Chicho se puso de pie. Levantó la mirada y sonrió. Se vio otra vez al espejo y sintió una fuerza interior que nunca había experimentado. Entonces descubrió que tenía algunas cosas diferentes a los demás, pero que por dentro era y seguía siendo ¡un zompopo! que aunque fuera verde achocolatado y tuviera doble cintura, no significaba nada, como para quedar excluido de los demás.

Entonces, el espejo lo animó a buscar a la fila y enfrentar a aquellos que lo habían despreciado.

--- O ---

El Espejo se puso delante de la fila y preguntó -¿quienes son El Ronco y El Tuerto? Queremos hablar con ellos.
- Nosotros somos – Dijeron los dos, mientras se acercaban al Espejo
- Quiero que se miren en mi.- Les dijo el amigo brillante.-

El Tuerto y el Ronco se sorprendieron al verse reflejados en El Espejo. Se dieron cuenta que no eran precisamente “la divina garza.” Llenos de soberbia, inflaron su musculoso pecho y se pusieron a discutir:

El Ronco: Yo no tengo nada raro como ese Chicho al que defiendes.
El Espejo: ¿Y ya escuchaste la voz tan fea que tienes? ¿Y ya viste esa cara tan enojada y llena de rabia que llevas?
El Tuerto: Y yo, ¿por que no tengo un ojo? ¡Nadie me lo había dicho!
El Espejo: Si, pero tu, con el único ojo que tienes has sido capaz de ver los defectos de los demás ... Si tuvieras el otro ojo creo que ya hubieras destruido a toda la humanidad.
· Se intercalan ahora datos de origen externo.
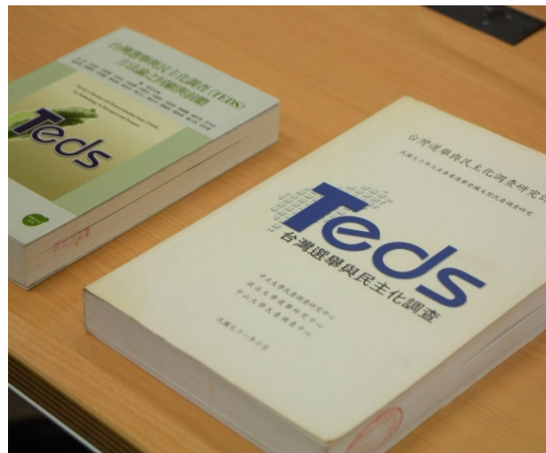
▶ 「台灣選舉與民主化調查」(TEDS) 為陳陸輝自 2008 年開始參與的大型民意調查研究計畫

TEDS 的主要工作內容為執行國內的各種選舉民調，陳陸輝也分享過去幾年隨著時代變遷，該計畫在樣本選擇上的變化。原先的樣本來源主要以面訪及電訪為主，前幾年團隊曾考慮是否該順應網路世代，將網路調查納入調查方式的一種，不過經嘗試後，他們也發現：「網路調查得到的樣本，大致就是比較年輕，教育程度比較高，然後居住在都會區的人們，跟我們母群體的分布不太一樣。」過度集中於同一類型的族群，讓我們對於要不要以網路調查結果推論到選民母群體上有所保留。此外，團隊近年來也注意到「唯手機族」(意為只能以手機號碼聯繫，而無法透過市話找到的族群)有增加趨勢，因此目前在 TEDS 的電訪中，會適當調整手機及市話抽樣比例，試圖找出最接近臺灣現況的樣本分佈型態。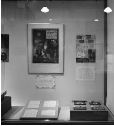
祈り～信仰は海を越えて～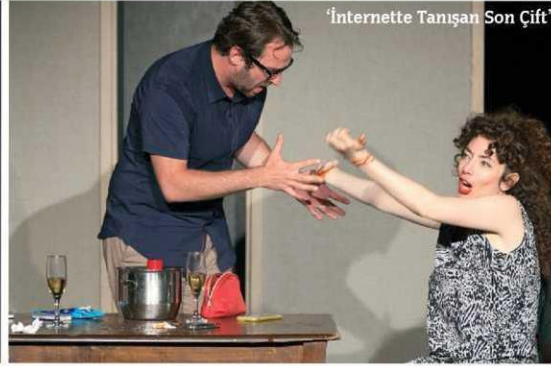
'İnternette Tanışan Son Çift'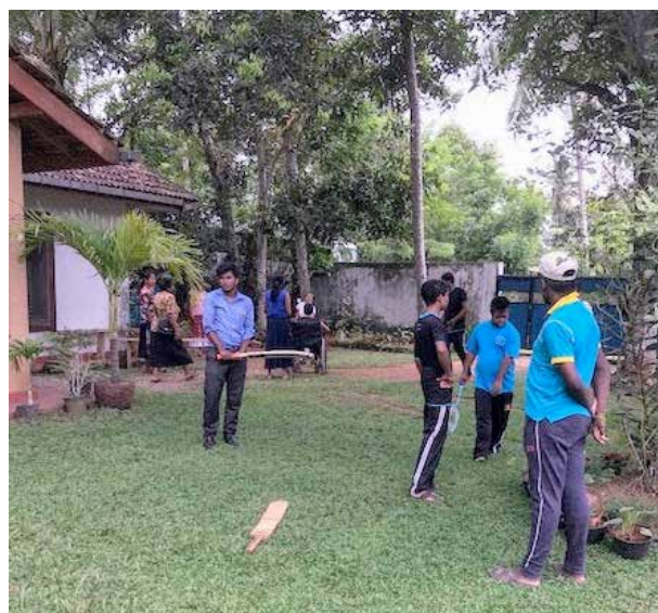
Les garçons au cricket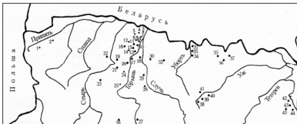
Рис. 1. Месторождения и проявления янтаря в Украинском Полесье (по Е. А. Солянику, 2002)

Цифры на карте: 1 – Владимировка, 2 – Александровка, 3 – Высоцк, 4 – Людынь, 5 – Лесовое, 6 – Ясинец, 7 – Лютинск, 8 – Мочулище-Черновое, 9 – Дубровица, 10 – Берестье, 11 – Нивецк, 12 – Трипутня, 13 – Бережница, 14 – Кидры, 15 – Осова, 16 – Владимирец, 17 – Цепцевичи, 18 – Сарны, 19 – Рафаловка, 20 – Городец, 21 – Иванчи, 22 – Великая Медвежка, 23 – Журавиче, 24 – Гута Степанская, 25 – Злазно, 26 – Старая Мошаница, 27 – Могиляны, 28 – Прислучье, 29 – Березно, 30 – Клесов, 31 – Копище, 32 – Рокитное, 33 – Майдан, 34 – Перга, 35 – Словечное, 36 – Збраньки, 37 – Овруч, 38 – Бараши, 39 – Викторовка, 40 – Ушомир, 41 – Гулянка, 42 – Межгорье, 43 – Новые Петровцы, 44 – Вышгород, 45 – Буча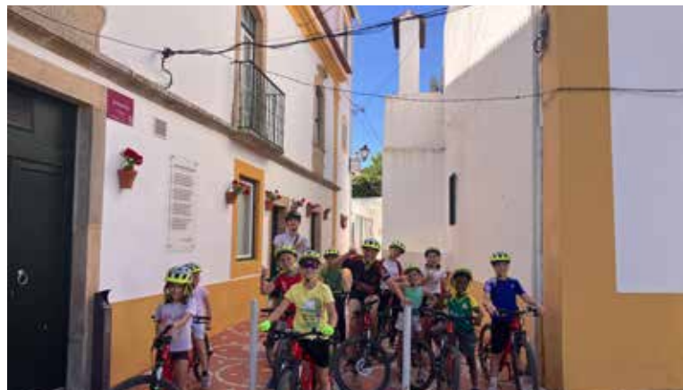
Passeios de Bicicleta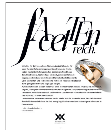
SEITE 3 komplett individualisierbar

Diese 6 Seiten können Sie durch Ihre individuellen Seiten, Angebote und Texte ersetzen: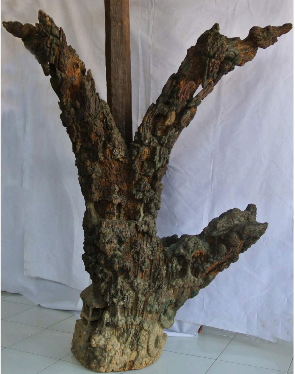
Fig. 1. – La pièce de Tuban ou « kalpataru ». Salle de conservation du musée Kambang Putih à Tuban (H. Njoto, juillet 2014).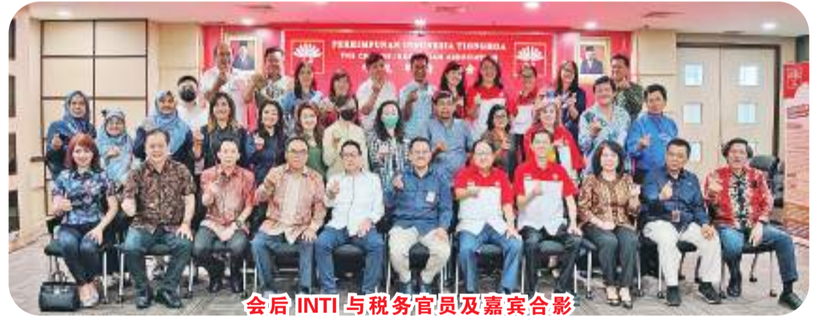
会后 INTI 与税务官员及嘉宾合影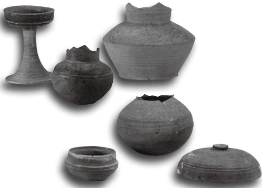
▲郷西横穴群の出土遺物

この横穴群からは7世紀末から8世紀初頭の広口長頸壺が1点出土していますが、それ以外の長脚高坏や2段透高坏、短頸壺、短頸埴、長頸埴などの出土遺物(10点)は6世紀中頃のものであることから、市で最も古い時期に構築された横穴群であると考えられます。

Entonces El Ronco y El Tuerto se enfurecieron de una manera increíble. El Ronco, quien a la fuerza se hacía pasar por el jefe de todos, dirigiéndose a los zompopos, preguntó muy enojado, con una voz que se escuchó en todo el paraje: - ¡Los que sean valientes como yo que se vengan para aca.! El tuerto agrego: -Y los que no, que se hagan para allá con el cobarde del Chicho y el espejito ese...!-

Para sorpresa de los dos bravucones, solamente ocho zompopos se les acercaron. Los otros no se movieron, pero estaban muy asustados. De pronto, de en medio de la fila, un zompopo pudo hablar. Por su delgada voz le decían “silbador”.
- Yo propongo que Chicho sea nuestro jefe.-Dijo el zompopo
Hubo un profundo silencio. Todos se miraban a todos. El Espejo miró fijamente a Chicho y éste le dijo en voz baja al espejo: -Es que yo no soy capaz.- El Espejo solamente le recordó lo que ya le había dicho: Y agregó

Chicho levantó la mirada y viendo dulcemente a todos preguntó:
Chicho: ¿Quiénes quieren que yo sea su nuevo guía?
El Silbador: ¡Todos queremos que Chicho sea nuestro nuevo jefe!
Toda la fila: ¡Si! ¡si! ¡si!

Todos los zompopos levantaron sus manos y brincando de alegría empezaron a gritar en coro.
¡Chicho¡ ¡Chicho ¡ ¡Chicho¡

Se fueron corriendo a donde él estaba y lo cargaron en hombros. Chicho, muy satisfecho les daba las gracias.

Ya en suelo, pidió silencio y le dijo:

“Yo no voy a ser su jefe, yo voy a ser su guía. Un líder que va respetar a cada uno tal como es, con sus diferencias y limitaciones. Y sobre todo, seremos una fila de zompopos en donde reine la alegría, la amistad y el trabajo en conjunto.”

Todos respondieron a un solo grito: - ¡Si! ¡Que viva Chicho!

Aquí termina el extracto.